Many years ago, before most of the world had even heard the name “bitcoin,” you could mine your own bitcoin with nothing but a home computer and a reasonably capable graphics card. I was fascinated by the whole notion of digital currency — something I’d been thinking about long before the bitcoin whitepaper brought a (possibly) practical digital currency into existence.
I was excited about the potential for digital currency to enable online micropayments. I imagined surfing the web and if I found a news article or essay or song or piece of visual art or even (gasp!) a meme I really liked, being able to click a single button and send a dime to the creator. That dime, I suspect, would be a lot more than the creator might get from showing me an ad, and it would come without the privacy nightmare that the online advertising oligopoly has become. Or the scourge of having to have dozens of subscriptions to content you barely read just to have access to the very occasional worthwhile article. Or without resorting to something like piracy.
So I bought a decent graphics card for about a grand and set up a box to mine. I mined a little over a single bitcoin in a month before the card blew up. The card’s manufacturer said they had discontinued the card, so would just issue a refund. I probably spent a few hundred dollars in electricity on the venture, and I had a bitcoin worth, I think, around $50. So no profit, per se, but an interesting experience and I had a souvenir bitcoin.

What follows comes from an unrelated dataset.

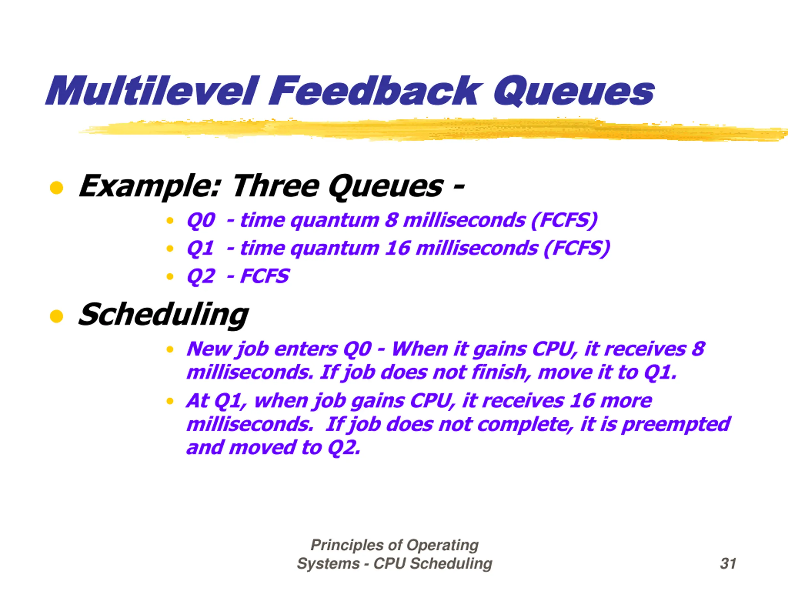 Multilevel Feedback Queues Multilevel Feedback Queues Example: Three Queues - Q0 - time quantum 8 milliseconds (FCFS) Q1 - time quantum 16 milliseconds (FCFS) Q2 - FCFS Scheduling New job enters Q0 - When it gains CPU, it receives 8 milliseconds. If job does not finish, move it to Q1. At Q1, when job gains CPU, it receives 16 more milliseconds. If job does not complete, it is preempted and moved to Q2. Principles of Operating Systems - CPU Scheduling 31

Right now, that bitcoin is worth over $100,000. I’m happy about that, but it’s not an unalloyed good. Speculation is what drove the price so high, and speculation is also the reason that I still have the bitcoin because it never became a viable way to handle micropayments. With so many people thinking they could become cryptocurrency millionaires, the price of bitcoin became so volatile that it wasn’t usable for payments. Famously, a man once bought two pizzas for 10,000 bitcoin, worth about one billion dollars today.
In general, the cryptocurrency space has become a hive of scum and villainy. I did make a few small purchases with fractions of my bitcoin, and I gave some of it to my children, but mostly I just kept it. Bitcoin only has value because people believe it does, and that value could vanish at any time like Peter Pan (or was it Tinkerbell?) falling from the sky because too few people believe.
“But, twoprops, isn’t that the same for any currency, such as the almighty US dollar?” No, because behind the US dollar are a lot of people with a lot of guns who will put you in prison if you don’t pay your taxes in US dollars. So US dollars are pretty much a must-have, at least for people living in the US and participating in the economy in any meaningful way. Bitcoin? It’s just an interesting speculation scheme.
Now that I’m retired and bitcoin is (just barely) in the six-figure range, HA and I thought I should sell it and at least get some profit from my several hundred dollar investment.
It took a little research to figure out how to sell. I decided to use an exchange, which is risky even if you pick the most staid and stable of the exchanges such as, say, Mt Gox or FTX. Back when I was first bitcoining, selling cryptocurrency largely meant a lot of shady deals in order to keep the transactions off-the-books. Cryptocurrency folks believed that they were above silly notions like taxation. How could the government tax you just for having some special numbers on your computer? But, of course, governments found a way. I wasn’t trying to hide anything, though, so I just went through the ordeal of filling out an exchange’s know-your-customer forms and did some pretty straightforward transactions, making sure that I didn’t leave the money sitting around in the exchange any longer than I needed to.